Хмелев не пил, вообще не признавал спиртного.
— Ладно уж, выпивоха! Зачем ты вылез с планом?
— Зато стало ясно, что с ним на совещание вылезать не стоит. — Хмелев разорвал план и выбросил в корзину. — Давай вкалывать. Через два часа наступят очередные сутки. В постель хочется.
— У нас ненормированный рабочий день.
— Но это не означает, что мы должны ночевать здесь.
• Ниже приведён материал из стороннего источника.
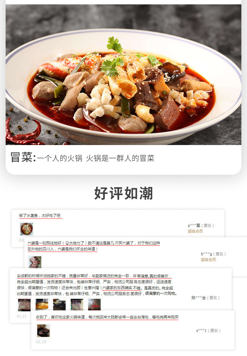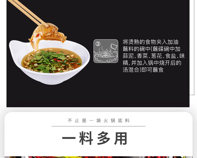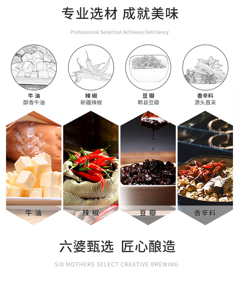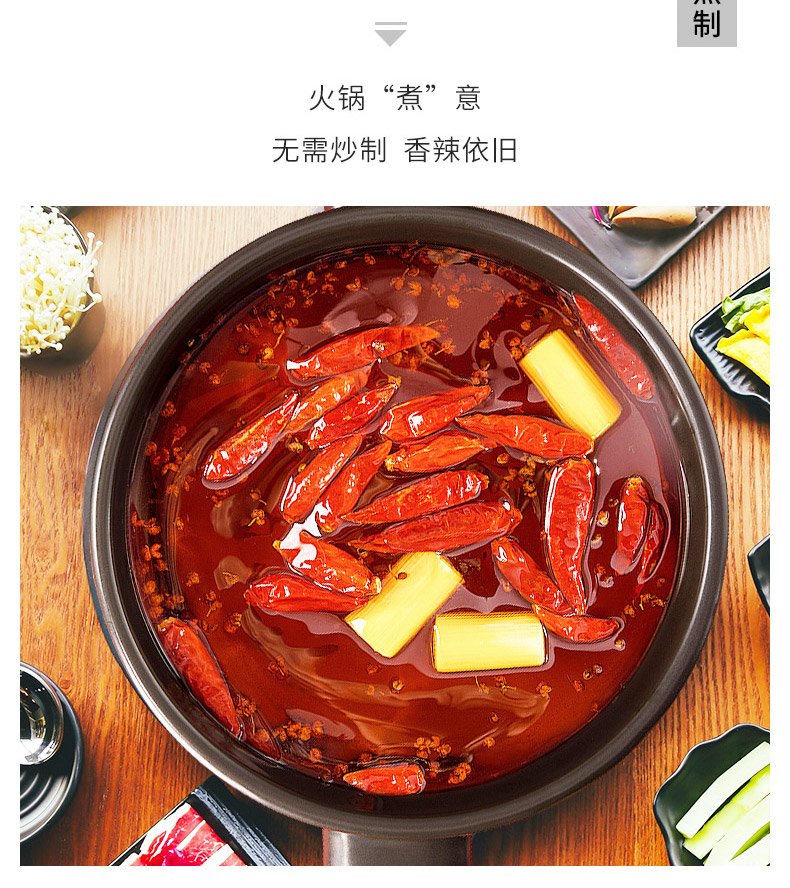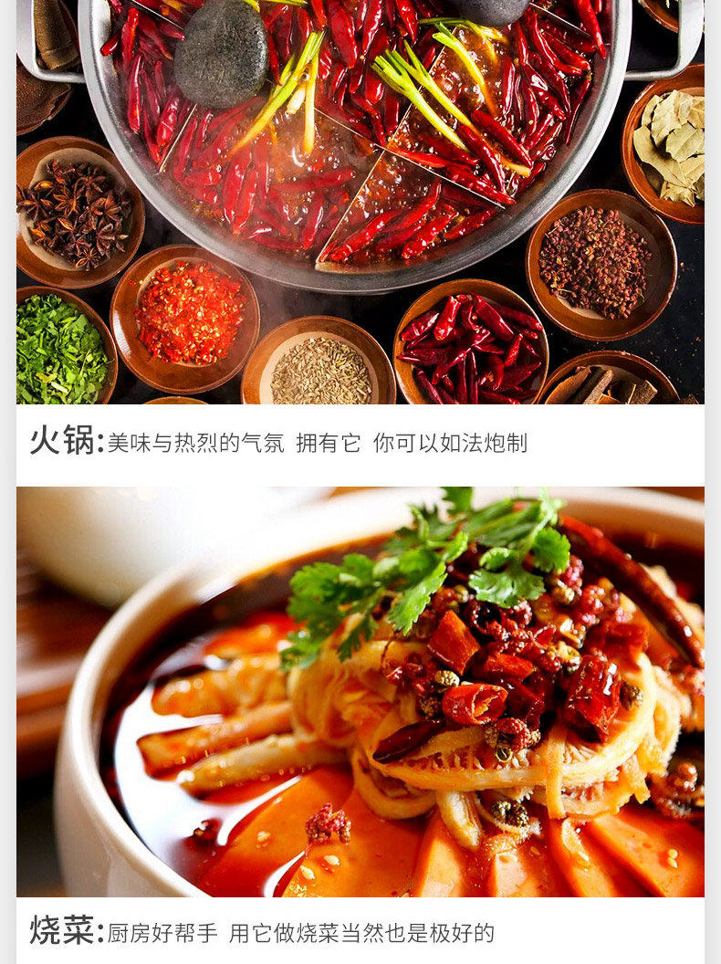 麻辣鲜香,汤红油亮,醇香四溢,麻辣烫串串香,香味十足,好吃不上火,火锅底料全能类型!
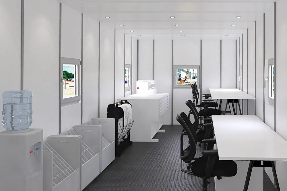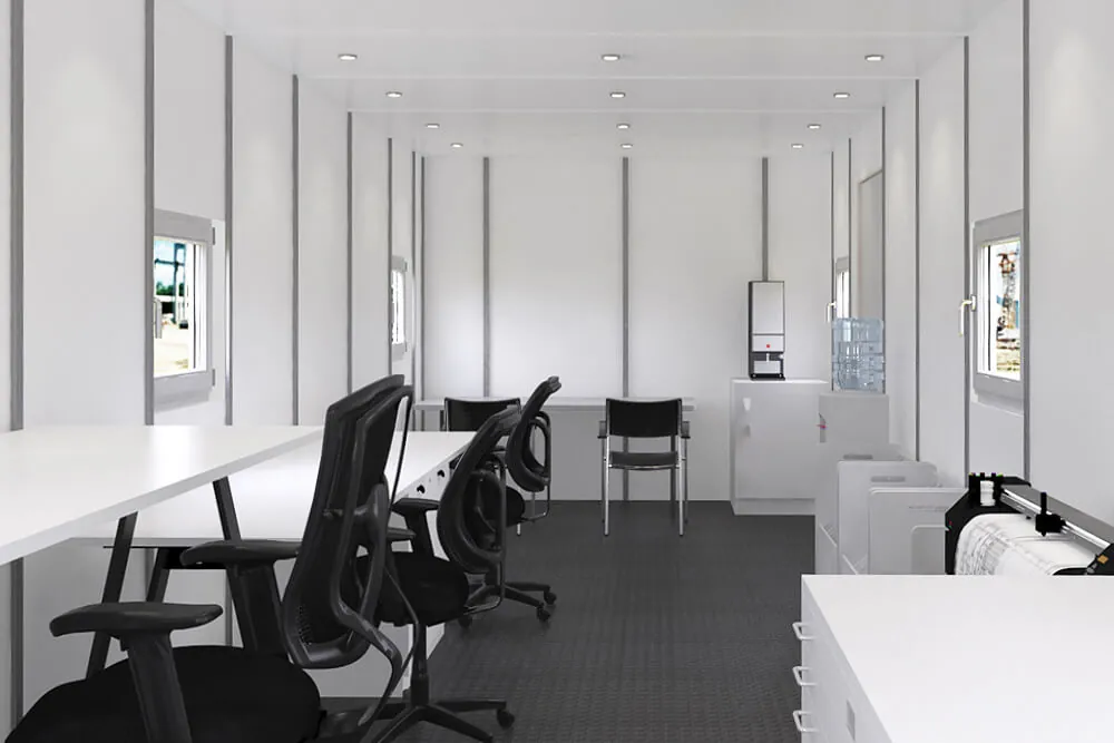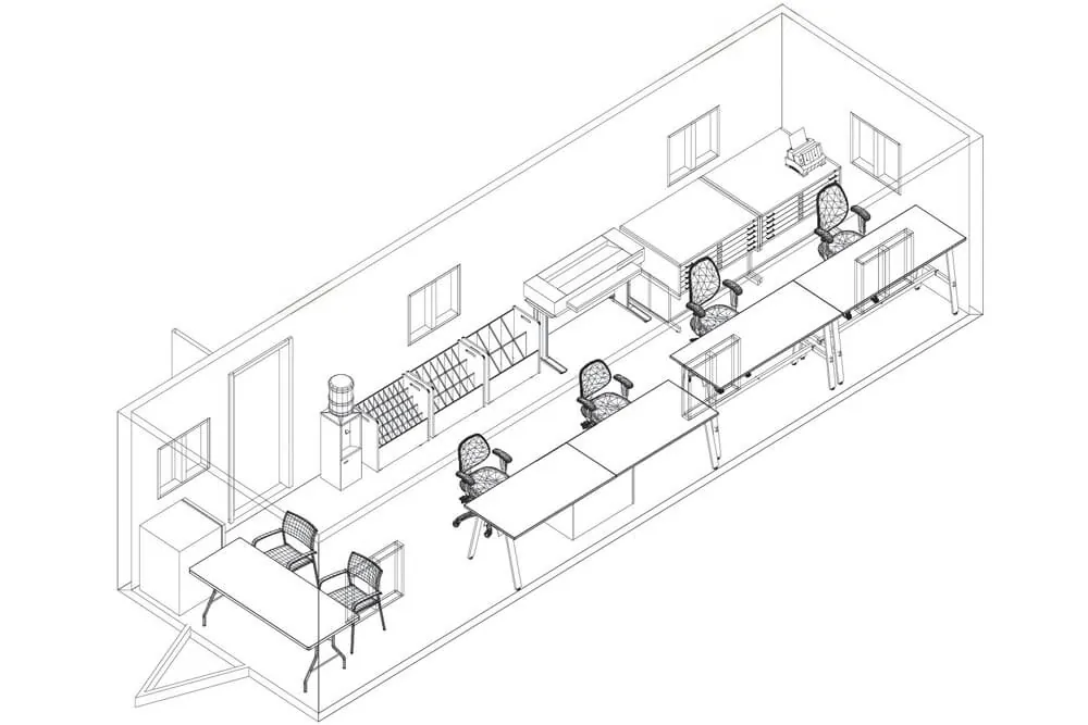 The Engineering Trailer is an office trailer interior specifically tailored for engineers and architects, optimized to meet the unique demands of design and planning projects. Key features include a professional drafting table, drafting stools; ideal to perform daily design-related tasks with great comfort. As a convenient architectural plan storage solution, this mobile office space features a blueprint file cabinet, and a mobile roll file unit. Each element is thoughtfully selected to create a productive workspace that supports the needs of those who design, plan, and build, ensuring an efficient and organized construction jobsite trailer environment.

Ты, конечно, готов остаться, а я — нет.
Меня задел тон Хмелева. Маменькин сынок, подумал я. Он, конечно, торопился домой, в трехкомнатную квартиру, согретую теплом и заботой родителей. У него была любящая и нежная мать. Несмотря на болезнь, она никогда не засыпала, не дождавшись и не накормив сына. Да и отец Хмелева, суровый на вид мужчина, заместитель председателя одного из московских райисполкомов, был милейшим человеком. Это он однозначно решил проблему передвижения по городу сына и выложил на «Жигули» все свои сбережения, когда тот внушил ему, что передвижение и продвижение сыщика, особенно молодого, взаимосвязаны. Мне куда было торопиться? Ужин я сам готовил себе, квартиру согревал собственным теплом.
— Саша, ты хочешь стать хорошим сыщиком?
— Я им стану, обещаю. Только ночевать здесь не буду. Сколько лет ты потратил, чтобы войти в десятку лучших? Больше десяти. Я же на это потрачу четыре.
— Торопливость гневит бога и тешит дьявола, говорят на Востоке.
— Мы на Севере. Не двигаясь — замерзнешь. Давай работать. Меня девушка ждет.
…Мне не очень хотелось звонить Каневскому домой, но без его заключения я был как без рук.
— Марк Ильич? Бакурадзе вас беспокоит.
«Вас беспокоит» вырвалось у меня невзначай, и я сразу же пожалел об этом. Сейчас начнет меня отчитывать, подумал я. «Почему «беспокоит»? Вы же звоните мне по делу…» Но к моему удивлению Каневский сказал:
— Сергей Михайлович! Вы не сердитесь на меня, нет?
— Конечно нет, Марк Ильич, — сказал я, немного кривя душой. Конечно же было неприятно его замечание в дверях квартиры Игнатова: «В начале каждого расследования вы проявляете какую-нибудь бестактность». Может быть, это действительно так и было. В начале расследования мною овладевал страх неведения, страх, что мне не удастся разгадать тайну и найти убийцу. С годами я научился управлять своими чувствами, но по-прежнему боялся, что не справлюсь с порученным делом. Может быть, свою беспомощность я прикрывал бравадой?
— Вы что, боитесь не справиться?
— Боюсь, Марк Ильич.
— Между прочим, пора не бояться. Второй десяток все-таки. У меня, кстати, между прочим, этот страх прошел на седьмом году. Вас, конечно, интересуют отпечатки пальцев.
— Конечно.
— Завтра утром спецотдел даст конкретное заключение по всем представленным нами образцам. Преступников было, по крайней мере, двое. В предварительном порядке могу сообщить, что на дверце шкафа обнаружены отпечатки пальцев некоего Кобылина. Кличка Картуз. Дважды судим. Статьи сто сорок четвертая и сто сорок шестая.
В одно мгновение рухнула выстроенная мною версия об убийстве Игнатова его знакомыми. Не мог Игнатов знаться с рецидивистом. Но почему Игнатов впустил преступников? Они не только вошли в квартиру. Они без борьбы прошли через коридор в гостиную… И эти статьи Уголовного кодекса: 144-я — кража, 146-я — разбой.
— В какой последовательности он привлекался?
— Сначала по сто сорок шестой.
Кто же звонил автомеханику Коробову?
— Марк Ильич, а отпечатки на телефонном аппарате? — осторожно спросил я.
— Идентичны с отпечатками пальцев Игнатова.
— Ну и дела! — только и мог произнести я.
— Между прочим, наши дела всегда такие. Вы со мной не согласны, нет?